好书共读 | 红高粱家族(18)
——黑皮肤女人特有的像紫红色葡萄一样的丰满嘴唇使二奶奶恋儿魅力无穷。她的出身、来历已被岁月的沙尘深深掩埋。
黄色的潮湿沙土埋住了她的弹性丰富的年轻肉体,埋住了她的豆荚一样饱满的脸庞和死不瞑目的瓦蓝色的眼睛,遮断了她愤怒的、癫狂的、无法无天的、向肮脏的世界挑战的、也眷恋美好世界的、洋溢着强烈性意识的目光。
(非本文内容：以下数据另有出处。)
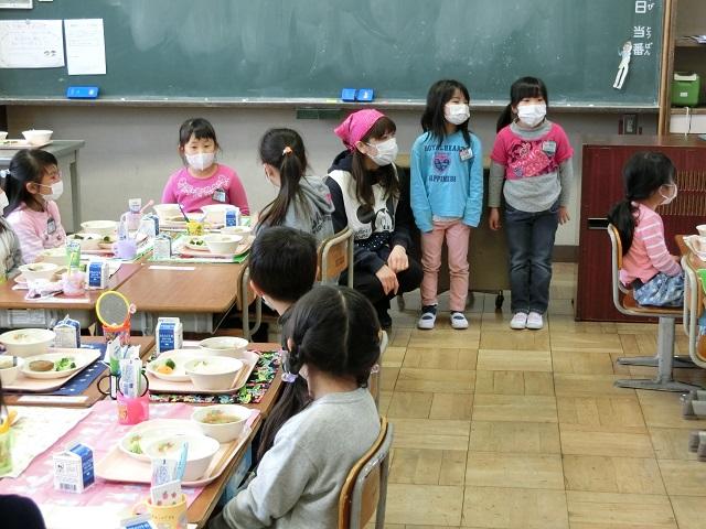 給食でお祝いのマーク入りスープを食した後,体育館で集会が行われました。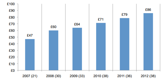 Lost business cost has nearly doubled over the last six years, also ex-poste response and detection costs (e.g., activities that attempt to address victims', regulators', and plaintiff counsels' concerns about the breach incident, legal and consulting fees that attempt to reduce business risk and liability) increased from approximately £451 thousand in 2011 to £508 thousand in 2012..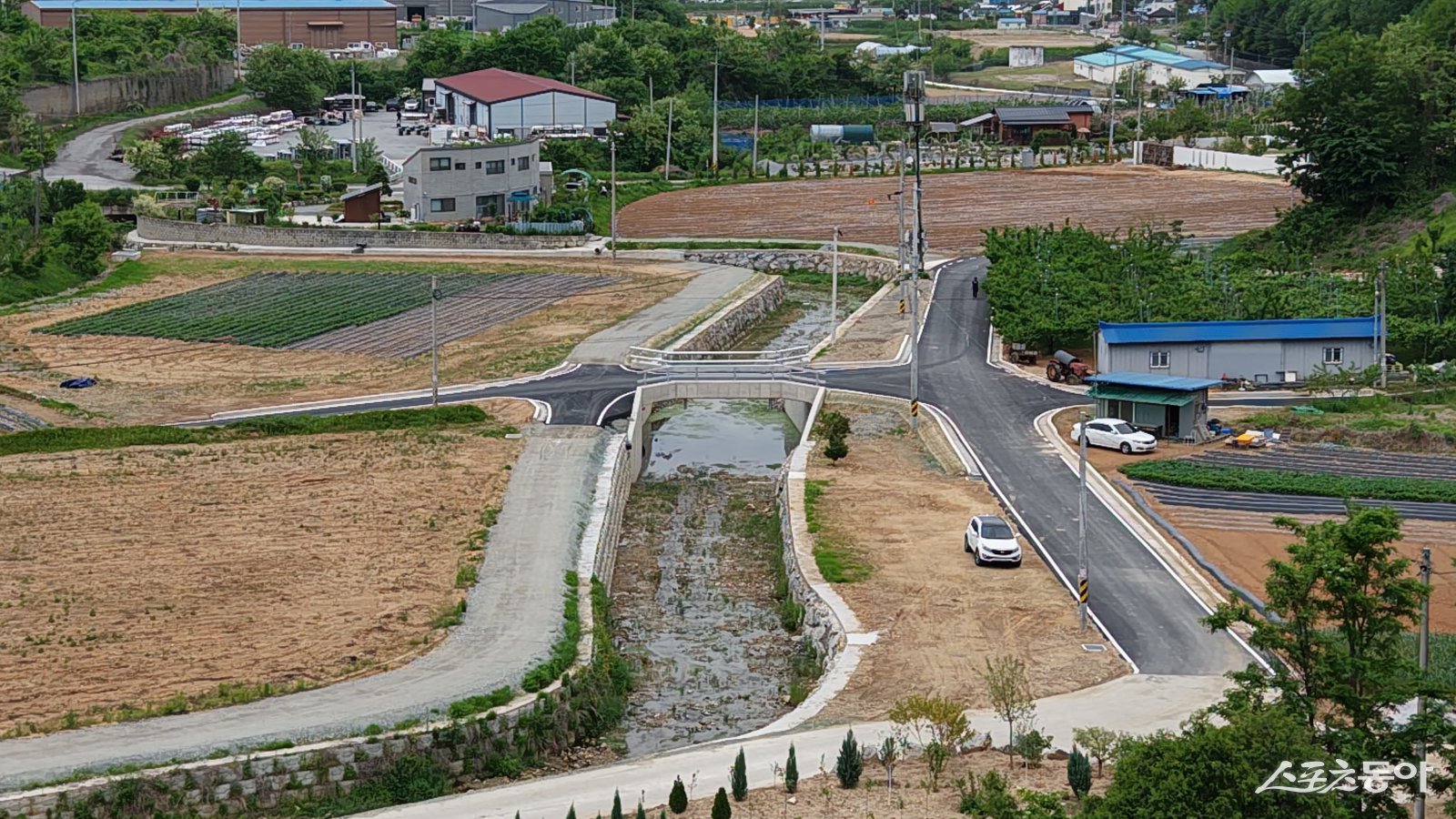 음성군은 4일 집중 호우로 인한 침수 피해 예방과 군민 안전 확보를 위해 추진 중인 소하천 정비사업이 계획대로 진행되고 있다고 밝혔다(감곡면 오근리도당 소하천 준공 전경). 사진제공|음성군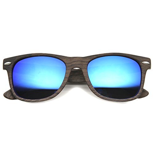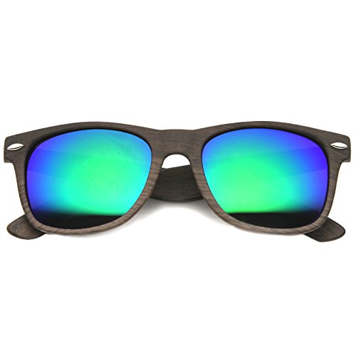Studio : frameoptic Publisher : frameoptic Product Description Adventure outdoors with these horn rimmed sunglasses featuring a wooden printed frame and stylishly wide temples. Complete with vibrant colored mirror lenses for an eye-catching effect, these bold sunglasses are an accessory must-have. Wear it for a day outdoors or exploring a new city, these wooden horn rimmed sunglasses can be paired with any look. Made with plastic based frame, metal hinges, and reflective UV400 protected lenses. Lens Height: 42 mm | Lens Width: 58 mm | Bridge: 18 mm | Frame Total: 145 mm 0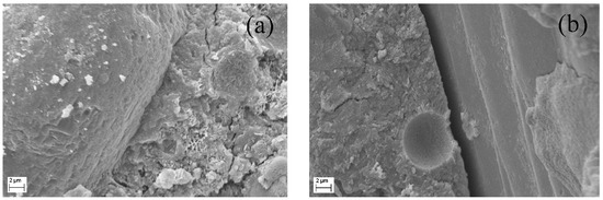 In order to confirm the inferences in mechanical analysis, the interfacial transition zones between aggregate and cement paste, fiber and matrix in R-HDCC and N-HDCC were investigated through SEM after tensile test. As shown in Figure 15, there is nearly no space between RFA and cement paste, while there is an obvious gap between NFA and cement paste, which indicates a tighter RFA/cement paste interface of R-HDCC, corresponding well with the explanation for compressive strength. Moreover, as shown in Figure 16, after being pulled out from R-HDCC, the fibers presented a rough surface with a large amount of hydrated product. Meanwhile, the fibers were so seriously damaged that the surface filaments were stripped and remained in the holes during pull-out, whereas the surfaces of the fibers pulled out from N-HDCC were relatively smooth with few abrasions. This shows that the bond between fibers and matrix in R-HDCC is higher than that in N-HDCC, which shows an agreement with the inferences in bending and tension. All the test results effectively demonstrate that R-HDCC exhibits better mechanical properties than N-HDCC.

二奶奶其实是被埋葬在故乡的黑土地里的。盛殓她的散发着血腥味尸体的是一具浅薄的柳木板棺材,棺材上涂着深一片浅一片的酱红颜色,颜色也遮没不了天牛幼虫在柳木板上钻出的洞眼。
但二奶奶乌黑发亮的肉体被金黄色沙土掩没住的景象,却牢牢地刻印在我的大脑的屏幕上,永远也不漶散地成像在我的意识的眼里。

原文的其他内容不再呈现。